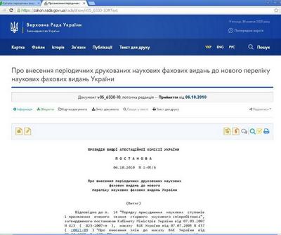 8 вересня 1999 р. журнал внесений Вищою Атестаційною Комісією (ВАК) України до Переліку наукових фахових видань, в яких можуть публікуватися основні результати дисертаційних робіт.
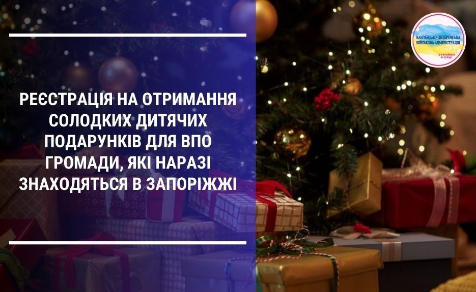 Шановні ВПО Кам’янсько-Дніпровської міської територіальної громади! Напередодні Різдвяних свят ми готуємо для дітей, які були змушені покинути рідний дім і виїхати з тимчасової окупації, солодкий подаруночок. Його зможе отримати кожна неповнолітня дитина (від 0 до 17 років включно) з Кам’янки-Дніпровської, Великої Знам’янки та Новоолексіївки, яка наразі знаходиться в Запоріжжі.…
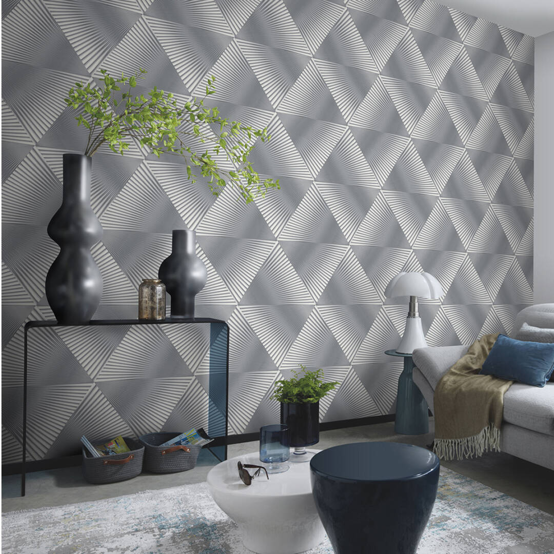 Тапет винил флис Спотлайт 2 3D геометрия сиво
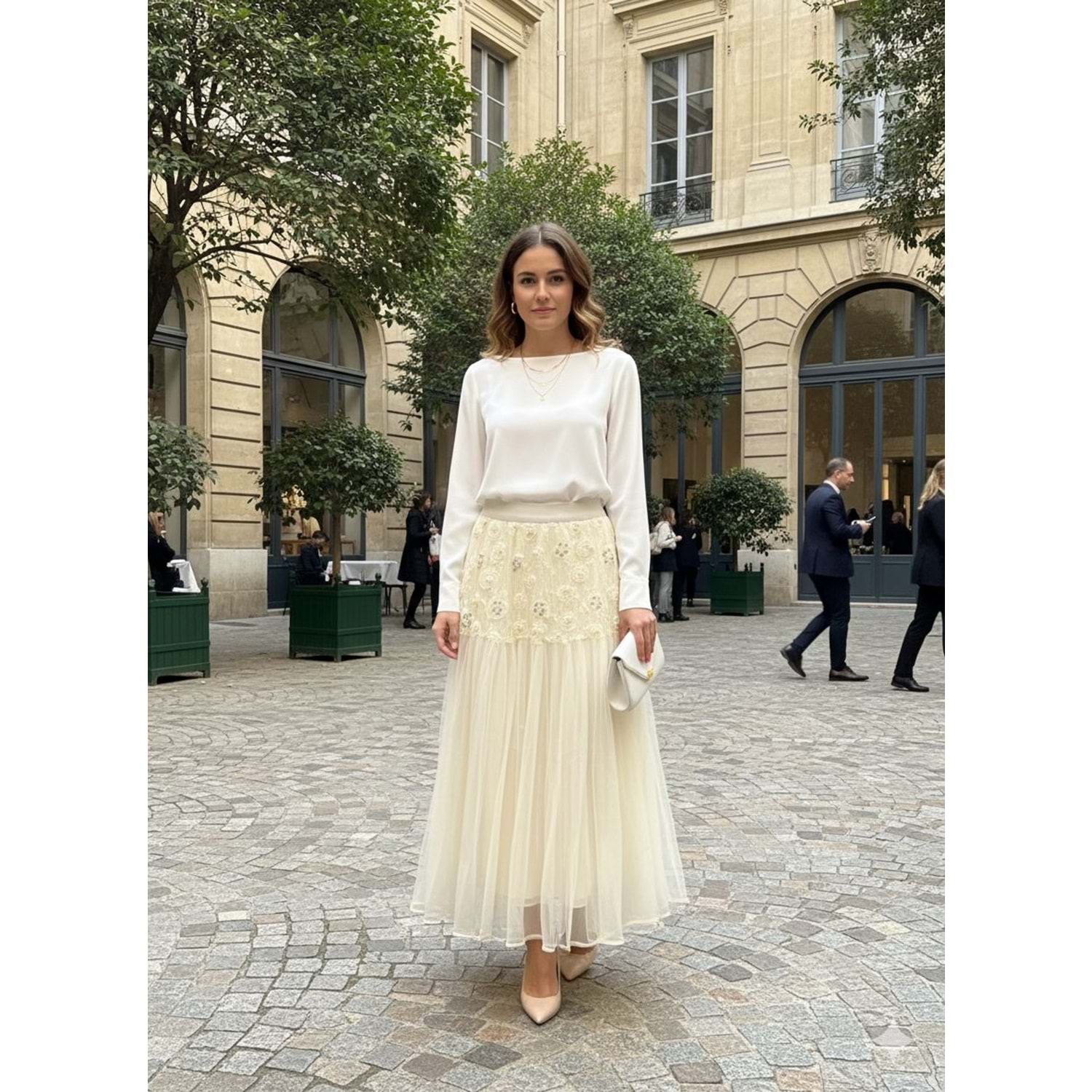 İthal İşlemeli Etek 38997 - Bej - TEK BEDEN

* * * * * * *

§ What the exercise asks: Pictures included in the data should be dropped; everything else must be repeated exactly.

§ Exercise answer:
 8 вересня 1999 р. журнал внесений Вищою Атестаційною Комісією (ВАК) України до Переліку наукових фахових видань, в яких можуть публікуватися основні результати дисертаційних робіт.
 Шановні ВПО Кам’янсько-Дніпровської міської територіальної громади! Напередодні Різдвяних свят ми готуємо для дітей, які були змушені покинути рідний дім і виїхати з тимчасової окупації, солодкий подаруночок. Його зможе отримати кожна неповнолітня дитина (від 0 до 17 років включно) з Кам’янки-Дніпровської, Великої Знам’янки та Новоолексіївки, яка наразі знаходиться в Запоріжжі.…
 Тапет винил флис Спотлайт 2 3D геометрия сиво
 İthal İşlemeli Etek 38997 - Bej - TEK BEDEN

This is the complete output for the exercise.